You are all too familiar with having a choir or band concert that begins within minutes after your game ends. You are also pretty familiar with stripping down in semi-public places because you know that your choir director will be pissed if you don’t show up on time. Because of this, all of the choir kids have seen you in your underwear at some point, and it isn't even weird anymore since it has become a monthly occurrence.
6. Always showing up to your concerts looking nasty AF.
Although you may have mastered the quick change, by no means have you mastered looking marginally presentable. While the other members of your choir have fresh faces and nicely done hair, your face glows with smudged eye black and dirt, your ratty hair is slicked back into a pony tail, and your bright pink sports bra that everyone can totally see is peeking out of your dress. You are a class act. You also get some dirty looks from the sopranos because you probably smell nasty AF.
7. Taking your pump-up music way too seriously.

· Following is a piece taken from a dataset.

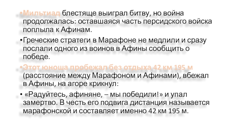 «Радуйтесь, афиняне, – мы победили!» и упал замертво. В честь его подвига дистанция называется марафонской и составляет именно 42 км 195 м.

Your warm-up music isn’t just there to fill in the silence – you take that sh*t seriously. If your team ever lets you make the playlist, you spend hours compiling different jams making sure that it has a specific direction. Start with a catchy pop song to pump everyone up, slow it down with some Rascal Flatts song about not giving up, and then bring it back with some gangsta rap to go out with a bang. And if you get to have a walk up song? That sh*t is gonna be tight.
8. Feeling like you’ve found your soul mate when you’ve met another athlete who is also a musician.
Since most of your friends are either athletes or music kids, when you meet a fellow musically gifted athlete, you wonder if you’re in an alternate universe. “You’re the star of the school’s musical and the goalie on the soccer team? Will you marry me?”
9. Being incredibly picky about your significant other.
This one might be a stretch, but seriously, I want to be with someone who I can share a Fenway frank with, but also take to a Broadway show. And personally, I don’t think that is too much to ask for. It wouldn’t hurt if they looked like Zac Efron either, but I think I can let that one slide. Just please, Lord, don’t let me date someone who gives the stank face to a baseball game or concert.